Georgian-Soviet actor and film director

Mikheil Giorgis dze Gelovani (Note:
- მიხეილ გიორგის ძე გელოვანი
- Михаил Георгиевич Геловани
) ( – 21 December 1956) was a Soviet and Georgian actor, known for his numerous portrayals of Joseph Stalin in cinema, starring in fifteen historic movies mostly about the early Soviet era. He was recognized as People's Artist of the USSR in 1950 and won the four Stalin Prizes of the first degree (1941, 1942, 1947, 1950).

==Biography==

===Early life===
Mikheil Gelovani was a descendant of the old Georgian princely house of Gelovani. He made his stage debut in a theater in Batumi during 1913. From 1919 to 1920, he attended the Drama Studio in Tiflis. In the two following years, he was a member of the cast in the city's Rustaveli Theatre. From 1923, he worked as an actor and a director in the Georgian SSR's Goskinprom film studio. In 1924, he first appeared on screen in the film Three Lives. He moved to the Armenian SSR's Armenkino production unit in 1927. In addition to his cinematic work, Gelovani continued to appear in theater, and performed on stages in Kutaisi and Baku. In 1936 he returned to the ensemble of the Rustaveli Theatre, and remained there for three years.

===Antebellum===
In 1938, Gelovani first portrayed Stalin in Mikheil Chiaureli's The Great Dawn.

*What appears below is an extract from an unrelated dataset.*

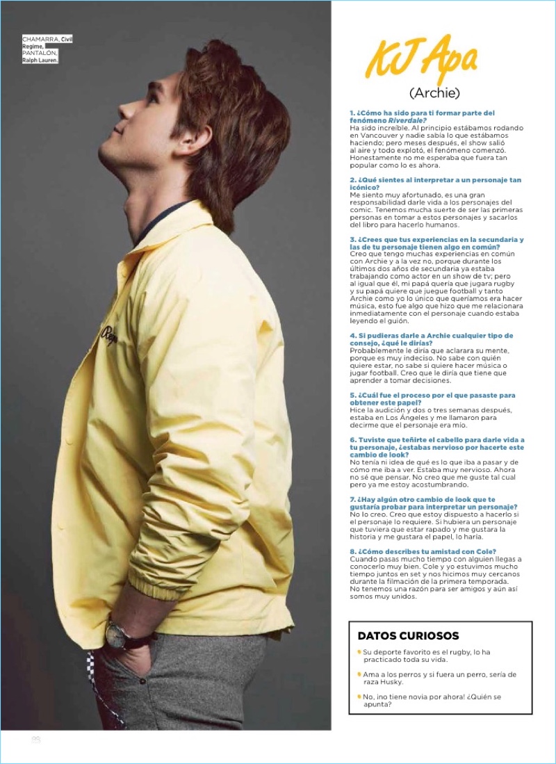 Riverdale stars Cole Sprouse and KJ Apa go retro for their latest photo shoot. The pair stars in Seventeen México’s November 2017 cover shoot. Los Angeles-based photographer Jon Wong captures the duo. Sprouse and Apa sport preppy fashions that include varsity jackets, bombers, and denim. Featured brands range from Tommy Hilfiger and American Rag to G-Star Raw. In other Sprouse news, this cover feature follows his new Converse campaign.

His performance won him the Order of the Red Banner of Labour on 1 February 1939 and the Stalin Prize during 1941. Afterwards, Gelovani "established a monopoly on the role of Stalin", which he continued to portray in twelve other pictures until the premier's death. Gelovani greatly resembled Stalin physically, except in his stature: he was much taller than the latter. Reportedly, he was not the premier's favorite candidate for depicting himself on screen: since he was Georgian, he mimicked Stalin's accent "to perfection". Therefore, the leader personally preferred Aleksei Dikiy, who used classic Russian pronunciation. However, Gelovani appeared in his role much more than Dikiy. According to The Guinness Book of Movie Facts and Feats, Gelovani had probably portrayed the same historical figure more than any other actor. When the two met, the general secretary told the actor: "you are observing me thoroughly... You do not waste time, do you?"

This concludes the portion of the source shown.